Starting with the line below that holds "Snygg röd handväska" and stopping after the line that holds "遇到火災(zāi)時,及時撥", transcribe the lines exactly, leaving out all pictures.
==== DATASET RECORDS
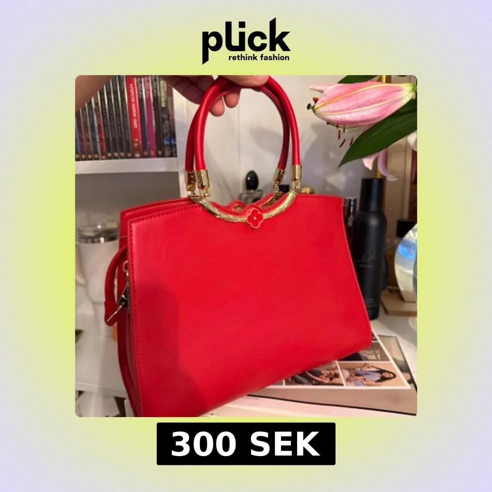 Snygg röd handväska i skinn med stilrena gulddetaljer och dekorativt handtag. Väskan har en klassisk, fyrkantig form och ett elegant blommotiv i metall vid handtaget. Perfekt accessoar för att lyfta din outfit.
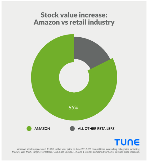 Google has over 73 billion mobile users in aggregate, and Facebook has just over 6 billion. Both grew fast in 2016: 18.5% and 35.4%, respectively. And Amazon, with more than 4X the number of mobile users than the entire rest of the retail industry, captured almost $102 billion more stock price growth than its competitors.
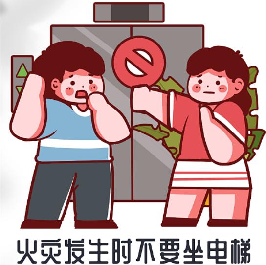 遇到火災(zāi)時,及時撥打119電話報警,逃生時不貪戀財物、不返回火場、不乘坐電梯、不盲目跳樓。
========
==== DATASET RECORDS
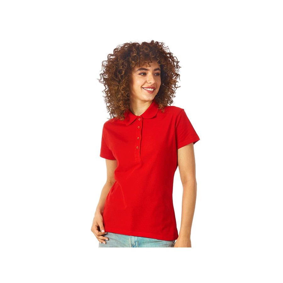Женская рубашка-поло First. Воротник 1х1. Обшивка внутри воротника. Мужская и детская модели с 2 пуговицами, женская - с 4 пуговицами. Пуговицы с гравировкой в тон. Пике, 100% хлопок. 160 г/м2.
========
▶ **RESULT**:
 Snygg röd handväska i skinn med stilrena gulddetaljer och dekorativt handtag. Väskan har en klassisk, fyrkantig form och ett elegant blommotiv i metall vid handtaget. Perfekt accessoar för att lyfta din outfit.
 Google has over 73 billion mobile users in aggregate, and Facebook has just over 6 billion. Both grew fast in 2016: 18.5% and 35.4%, respectively. And Amazon, with more than 4X the number of mobile users than the entire rest of the retail industry, captured almost $102 billion more stock price growth than its competitors.
 遇到火災(zāi)時,及時撥打119電話報警,逃生時不貪戀財物、不返回火場、不乘坐電梯、不盲目跳樓。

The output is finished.